I mention Joey because it was a rare moment when two seemingly disparate worlds aligned quite cozily. Like a married couple ever so often making eye contact over their wetherspoons dinner, politics and football do on occasion come together. Though often with disastrous consequences, whether it be corruption within FIFA making the MP expense’s scandal tantamount to spilt milk, or Sol Campbell’s failed bid to be our Tory major (why does that surprise you when he’s a super-rich guy who’s headed a ball of rubber all his life?). Only a truly agile creature, like Joey, can successfully flit between two institutions that view themselves as the inverse of each other; tending to keep their distance, afraid of noticing a similarity in the tribal forces that define them both.

Joey never came back to Question Time and a vacuum of despair engulfed my heart. That was until last weekend however, when I arrived at The Old Spotted Dog; home to Clapton FC, and their devoted anti-fascist fanbase, ‘The Tons’ – and the two worlds collided and so seamlessly overlapped once again. Now I struggle with the term anti-fascist as a way of defining oneself. Isn’t everyone by virtue of not delighting in fascism therefore against it. It’s almost a boastful position; basically saying, ‘I’m more opposed to evil than you right, right?’. Potentially it’s a way of representing an antidote to the stigma attached to ‘the beautiful game’, and the undercurrent of xenophobia still coursing through some stadiums. But regardless, it’s a noble position. And I digress…

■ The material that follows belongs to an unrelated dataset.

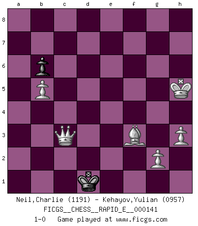 Last move : 1-0 2015 March 22 0:47:55 [Event "FICGS__CHESS__RAPID_E__000141"] [Site "FICGS"] [Date "2014.12.27"] [Round "1"] [White "Neil,Charlie"] [Black "Kehayov,Yulian"] [Result "1-0"] [WhiteElo "1191"] [BlackElo "0957"] 1.e4 e5 2.Nf3 d6 3.d4 Nc6 4.Bb5 Bd7 5.dxe5 dxe5 6.Nc3 Bd6 7.Be3 h6 8.h3 Nf6 9.Qd2 O-O 10.O-O a6 11.Be2 Na7 12.Rfd1 Bc6 13.Bd3 Nb5 14.Nxb5 axb5 15.a3 b6 16.b4 Bb7 17.Bxb5 Bxe4 18.c3 Bb7 19.Qc2 c6 20.Bc4 Qc7 21.Be2 Rfe8 22.c4 e4 23.Nd4 Bc8 24.Rac1 c5 25.Nb5 Qb8 26.Nxd6 Rd8 27.Nb5 Ba6 28.Qc3 Bxb5 29.cxb5 Nd5 30.Qb3 Nxe3 31.Qxe3 Rxd1+ 32.Rxd1 Qc7 33.bxc5 Qxc5 34.Qxe4 Qxa3 35.Qd5 Rf8 36.Qd6 Qa2 37.Re1 Re8 38.Kf1 Qe6 39.Qxe6 Rxe6 40.Bd3 Rxe1+ 41.Kxe1 f6 42.Ke2 Kf7 43.Kf3 Ke6 44.Kg4 Kf7 45.Be4 g6 46.f4 Ke6 47.Bxg6 Kd5 48.Kf5 Kc5 49.Be8 Kd4 50.Kxf6 Ke4 51.f5 Kf4 52.Kg6 Kg3 53.Bc6 Kf4 54.f6 Ke5 55.f7 Kd4 56.f8Q Ke3 57.Qb4 Ke2 58.Qc3 h5 59.Kxh5 Kd1 60.Bf3+ 1-0 Philidor's defense Kingside Castling by player Black (move 9) Kingside Castling by player White (move 10) 10 pieces endgame at move 47 : White KBPPPP , Black KPPP WHITE : King + 1 Bishop 4 Pawns BLACK : King + 3 Pawns 9 pieces endgame at move 50 : White KBPPPP , Black KPP WHITE : King + 1 Bishop 4 Pawns BLACK : King + 2 Pawns Promotion Queen by player White (move 56) 8 pieces endgame at move 59 : White KQBPPP , Black KP WHITE : King + 1 Queen 1 Bishop 3 Pawns BLACK : King + 1 Pawn Player White won this chess game. Follow this game move after move (download)Chess is in its essence a game, in its form an art, and in its execution a science. (Baron Tassilo) Bogoljubow: Matt in vier Zügen! Tartakower: Ich verbitte mir jede Belästigung! (Savielly Grigorievitsch Tartakower) Solo puedes ser bueno en el Ajedrez si amas al juego. (Bobby Fischer) Les échecs sont plus proches de l'art de l'assassinat que de l'art de la guerre. (Arturo Perez-Reverte) A mistake is only a mistake if you let it happen twice. Otherwise it is a learning experience. (Daniel Parmet)
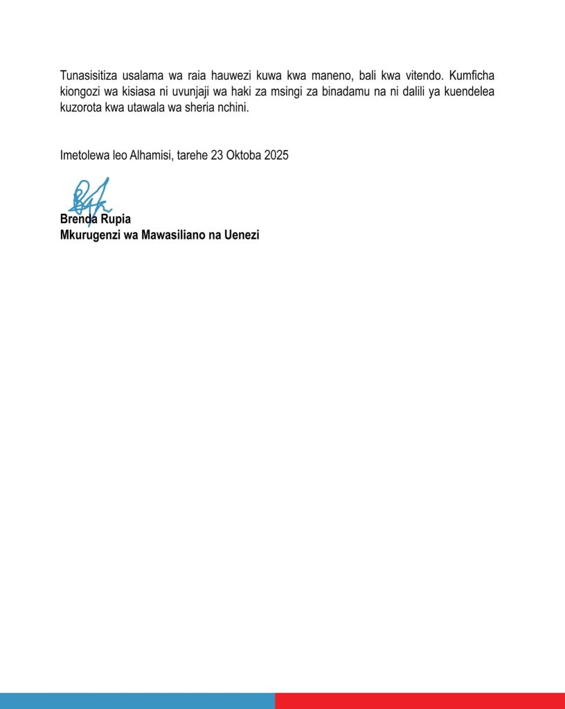 CHADEMA insists that national security cannot be guaranteed through words but through action, urging authorities to uphold the law and protect citizens’ rights.

Walking though the turnstiles I was met not by the uproarious babble of pre-match anticipation, but rather the clink and clank of a collection bucket. ‘We’re raising money for the refugee crisis!’, flummoxed and flawed, I obliged at once, throwing a spare note in – like a single feather landing on a mountainous rubbish tip of a problem – in an unconscionable daze at the good heartedness of it all. Clapton FC had it right; choosing to involve fans personally at the source, unlike the monoliths of the Premier League, preferring instead to bury their charitable deeds in the back pages of a match programme.

Nature called so off I went to relieve myself. But my revelling in après-wee relief was cut short, however, when I gazed around the lavatory; confronted by a wall of Class War stickers. One said ‘NO HIPSTERS, NO YUPPIES, NO GENTRIFICATION, GET THE FUCK OUT’. An other, ‘HIPSTERS KILL ‘EM ALL’. I looked in the mirror and my blood turned icy cold. With a fierce beard and long dishevelled hair, I possessed two core stereotypes of what it is commonly considered to be effortfully counter-cultural. Will they tell me to get the fuck out?


Convinced this was just an anarchic streak among a fanbase largely made up of Andy Burnham centre-left types, I risked it, boldly striding over to the heart, the cynosure, the nucleus of left-wing footballing ideology; the Scaffold, a stand it will surprise you to hear literally made from scaffolding – where dreams come true and equality is treasured over and above quality. For the football was of a dreadful standard. Out there Robbie Savage would have made everyone else look like Robbie Savage. When the ball every so often felt the grass beneath it, an FC Romania foot would put it away. Clapton FC were quite rightly trounced.

clapton fc

But the Ultras didn’t care and neither did I. The final result, or watching the game, were really the least of their concerns. For them, Clapton FC isn’t about football, it’s about supporting food-banks and refugees. On a deeper level, it’s about a camaraderie and brotherhood rooted in social conscience. An Italian fan, sad at the deportation of his friend, held aloft a picture of him throughout. A massive banner, reading ‘We Welcome Romanian Migrants’, dressed the sidelines, sharply opposed to the sentiments behind our government’s policy. One little boy, there with his family, got caught in the middle of an impromptu mosh, and like the Lion King, was saved by his dad who bravely jumped into the pack: and sadly perished. All game songs never stopped being sung, like ”Oh East London is wonderful – it’s full of pie, mash and Clapton!”. Beer swilling, vocal cords straining, fighting fascism with every sinew of their being. Oh, Clapton FC.